My kind neighbor who’s a physical therapist advised me to wiggle my toes, do legs lifts, and move what I could as much as I could. Blessed in having a personal trainer with knowledge and versatility, I worked out each week. I gradually ventured out for lunches, the movies and short shopping trips on crutches with my husband. And I even made–with my dear sister and another loyal friend–an unforgettable trip to Manhattan, in which I toured much of the city feeling giddy in a wheelchair.

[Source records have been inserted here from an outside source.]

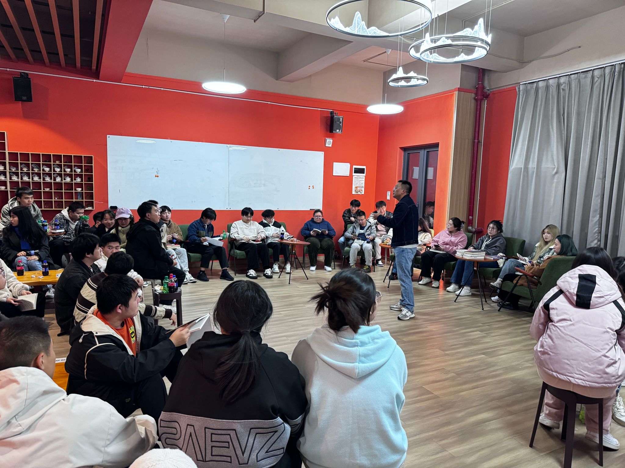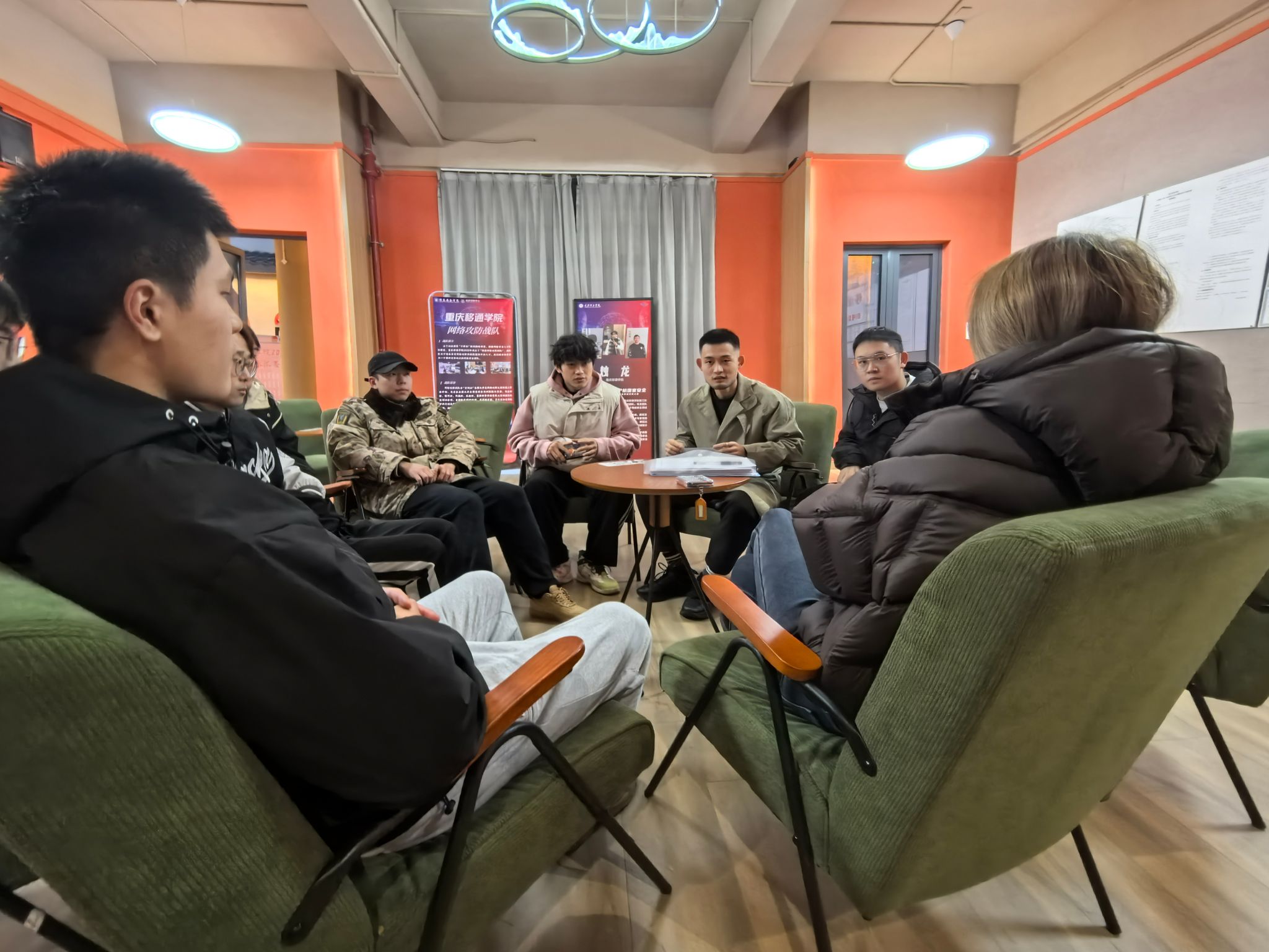2024年12月16日晚,古剑书院白虹半间闲室灯火通明,气氛热烈非凡,胡垚、李婷婷老师与来自计算机科学与技术专升本专业1、2、4、5班的同学们在此举行了一场别开生面的异科见面会。此次见面会如同一场知识与心灵的盛宴,为师生们搭建起了一座交流互动的桥梁,开启了携手共进的新篇章。
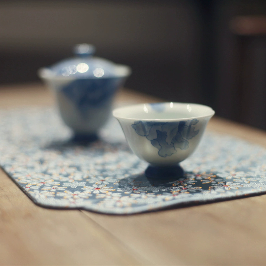 青牡丹執夢主人杯品茗杯杯釉薬下彩手描き景徳鎮陶磁器茶器
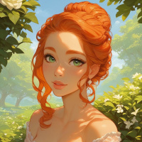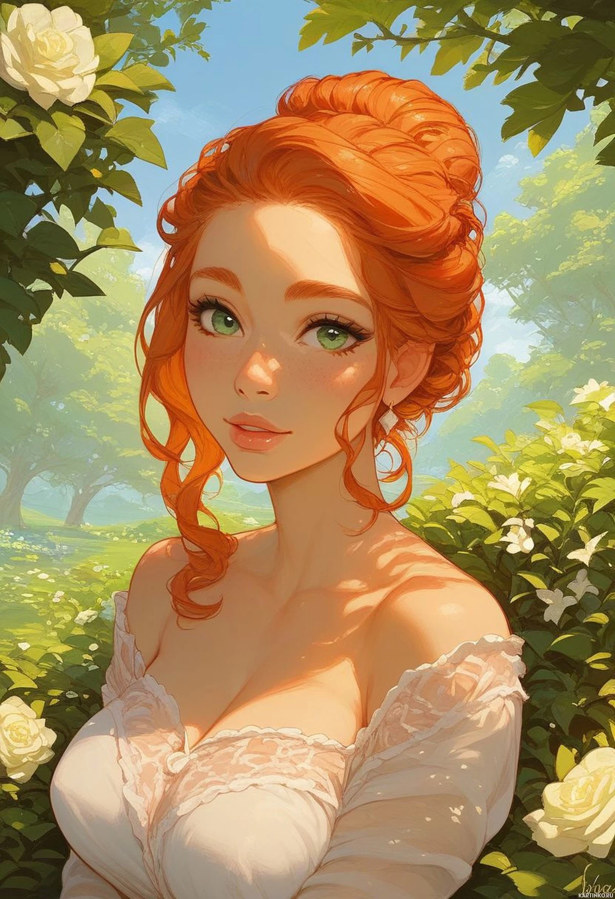 an elegant dress or top with lace details. Around her neck, there's a delicate collar with a ribbon-like design. The setting of the illustration is outdoors with
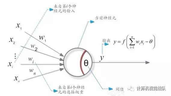 在这个模型中,神经元接收来自n个其它神经元传递过来的输入信号,这些信号的表达,通常通过神经元之间连接的权重(weight)大小来表示,神经元将接收到的输入值按照某种权重叠加起来,并将当前神经元的阈值进行比较,然后通过“激活函数(activation function)”向外表达输出(这在概念上就叫感知机),如图3-2所示。
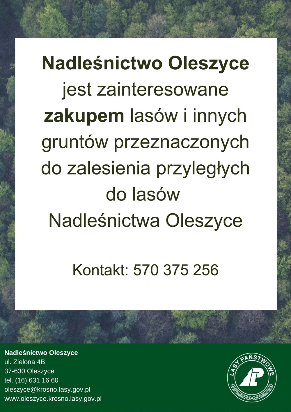 Nadleśnictwo Oleszyce jest zainteresowane zakupem lasów i gruntów pod zalesienie, zwłaszcza tych przylegających do terenów Lasów Państwowych lub mających odpowiednią powierzchnię i dostęp do dróg publicznych.
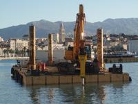 Ante Milacic, Projektmanager vor Ort, berichtet: "Derzeit bauen wir den über Wasser liegenden Teil der Küstenmauer. Das bedeutet, die meisten Unterwasserarbeiten sind erledigt. Wir müssen nur noch das Hafenbecken bis auf 5,5 m vertiefen. Danach kann ein anderes Unternehmen mit der dritten Projektphase beginnen, dem Bau der Fußgängerzone und der Straße.
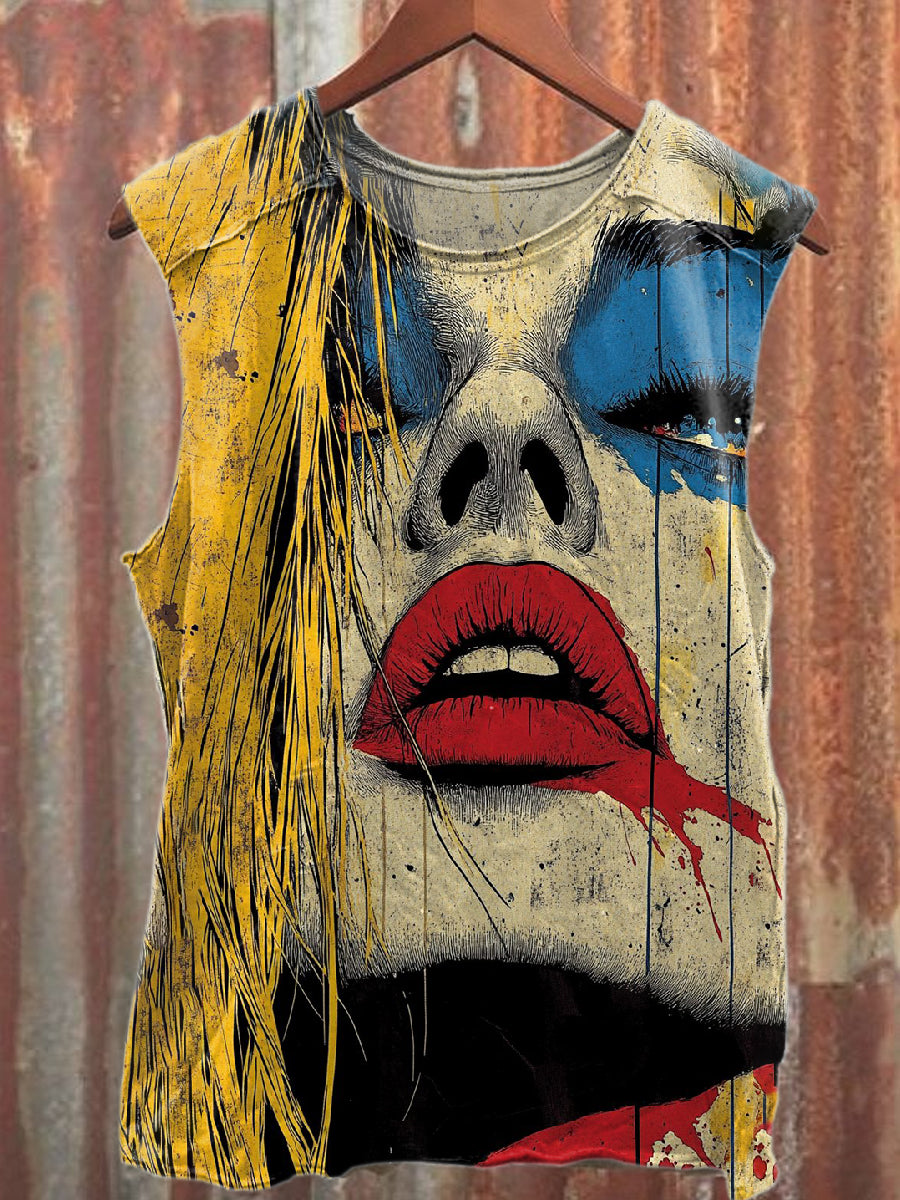 Retro Pop Graffiti Imprimir Casual Algodão Tank Top

The sentence of six weeks in a hard cast was served, the graduation to a hard plastic and Velcro walking cast achieved, and what once seemed to be a true eternity had passed: my leg was healed.

Lesson #7: Be patient with yourself. Admission to the pantheon of fallen riding heroes–to the elite who feel impending weather changes and who set off airport alarms with pins, plates, and other orthopedic hardware–comes at a cost.

Celebrate each milestone like Bruce Davidson, who, after a horrendous fall four years ago, rejoiced the first time he could at last sweep the barn floor. The profound loss of innocence, the epiphany of knowing that “I can be hurt” is a new place to ride from. The first time in the irons after your fall is terrifying and exhilarating, especially if it is on the horse on which you were injured.

Melvin Dutton, the long-time hunter-jumper rider and trainer, assured me, “It will all come back. It will come back.” That is, initially, very hard to believe.

There comes a deeper acceptance of the risks that come with riding, with the sport that makes us feel most ourselves, more alive than anything else we do, but carries few passengers. We realize there is no vaccination from the twin viruses of worry and fear; there is just the gradual strengthening and increased confidence that only more time in the saddle brings.

We learn again that horses give us far more than they take–our lone-wolf personalities find a home and true friendships in our lives with these remarkable animals. In the end, we finally find a way to cradle our fear in the sheer beauty and joy of our sport, and we ride on.